Dray rolled off Leah and slapped the power button. Leah's thrashing quieted. Dray snapped her fingers in front of Leah's closed eyes, a Hollywood technique of dubious efficacy. "Now what the hell am I supposed to do?"
"Talk to her. Tell her to come to."
Dray smoothed Leah's hair off her face; the abrasions, despite their yield, appeared to be minor. "Leah, wake up now. It's time to wake up."
"Tell her to come to. Use that phrase."
When Dray repeated the command, Leah's eyes fluttered open, showing a lot of white. The pupils slowly pulled down into view. Leah lurched forward violently. An instinctive "ssshh" emerged from Dray's tensed lips. Leah's eyes darted around until she seemed to recognize her surroundings, then she released a shuddering sigh and burst into tears.
"What's happening?" Tim asked.
Leah curled into a ball, clasping Dray about her waist, pressing her face into her side. After a moment Dray reached down and stroked her head. "We're okay now."
Chapter
thirty-five
Freed's Porsche dripped oil in Tannino's driveway, parked beside the marshal's Bronco and his Sunday car, a classic Olds -- champagne with velveteen interior. Further diminishing the repute of vanity plates, Freed's license read FRNSHME, a tip of the hat to the family biz.

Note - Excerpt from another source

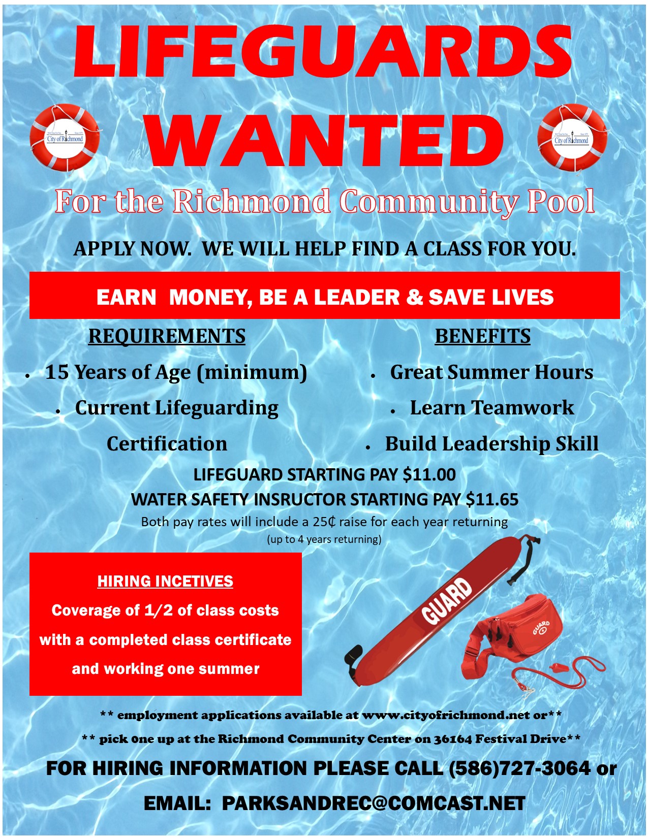 Please click here to view information on the Lifeguard position at the Richmond Community Pool.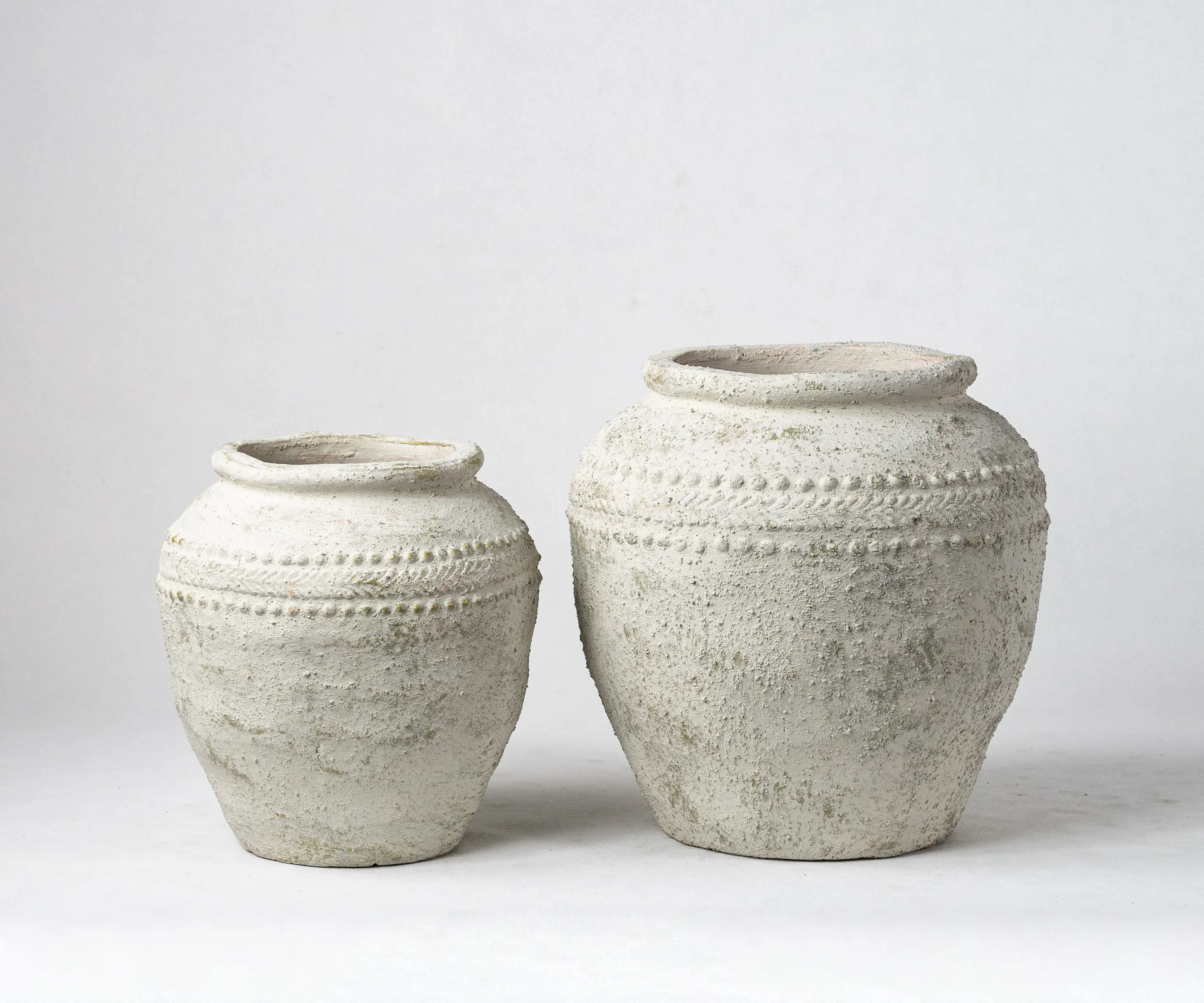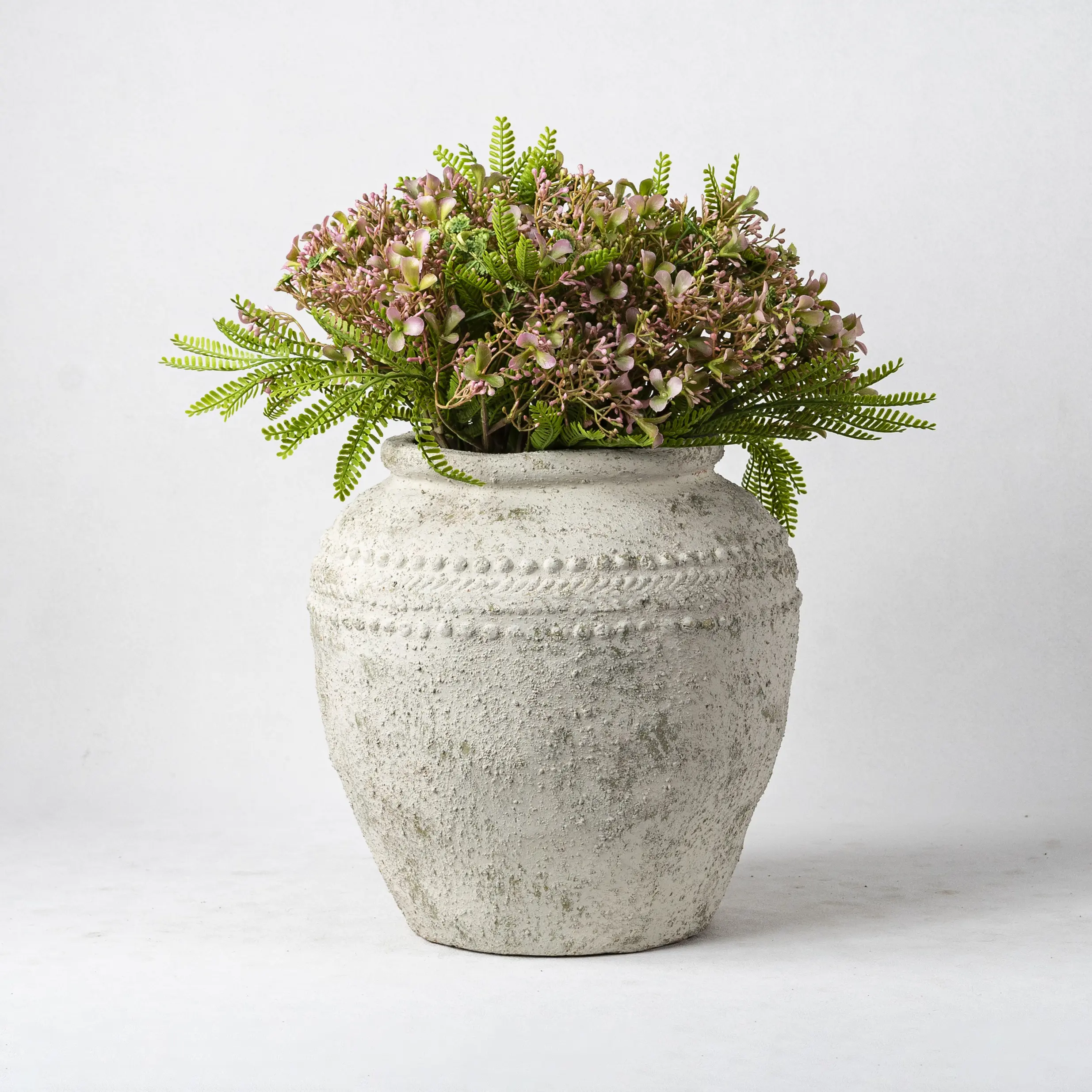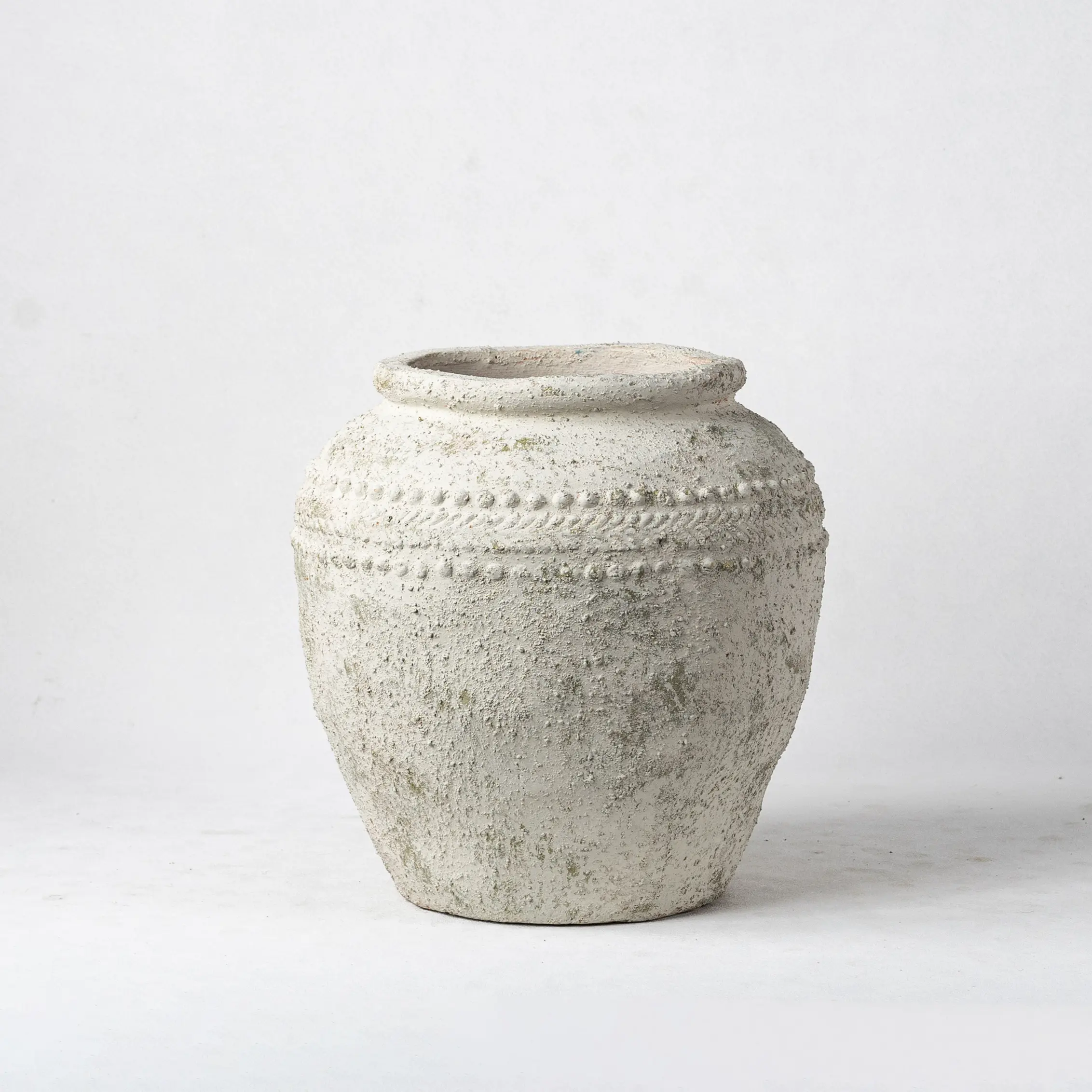 Wholesale outdoor planters of our supply are crafted from natural clay with a rustic, grainy texture. These ceramic jars and jars feature hand-applied aging techniques with moss-like stains, weathered details, and embossed patterns. Available in multiple shapes and sizes. Their vintage and wabi-sabi aesthetic make them ideal for B2B buyers such as home décor brands, flower studios, lifestyle stores, and boutique hotels.

Freed and Thomas awaited Tim and Bear inside, along with Tannino and Winston Smith, the federal prosecutor, who gripped the brim of his trademark felt hat with both hands like a farmer awaiting a bank loan. They sat ensconced in a devouring sectional sofa while Tannino's wife and sister bustled clamorously, brandishing espressos and dishes of confetti candy. Various sloe-eyed antecedents peered out from garish frames on the piano.
Tannino's wife cupped a hand on Tim's cheek. "Tim, sweetie, I haven't seen you since all that..." A wave of her manicured hand finished the sentiment. "Let me bring you some figs. George, I have the perfect thing." Aside from judges, she was the only one to call Bear by his given name. "Zucchini flowers I made for dinner. You sit."
Tim and Bear's bumbling demurrals went largely ignored.
Tannino's niece practically skipped out from her bedroom, all done up and date ready. The men smiled and did their best not to observe her -- she was stunning, and Tannino was vigilant. She and Tannino kissed, a quick peck on the mouth that somehow wasn't creepy.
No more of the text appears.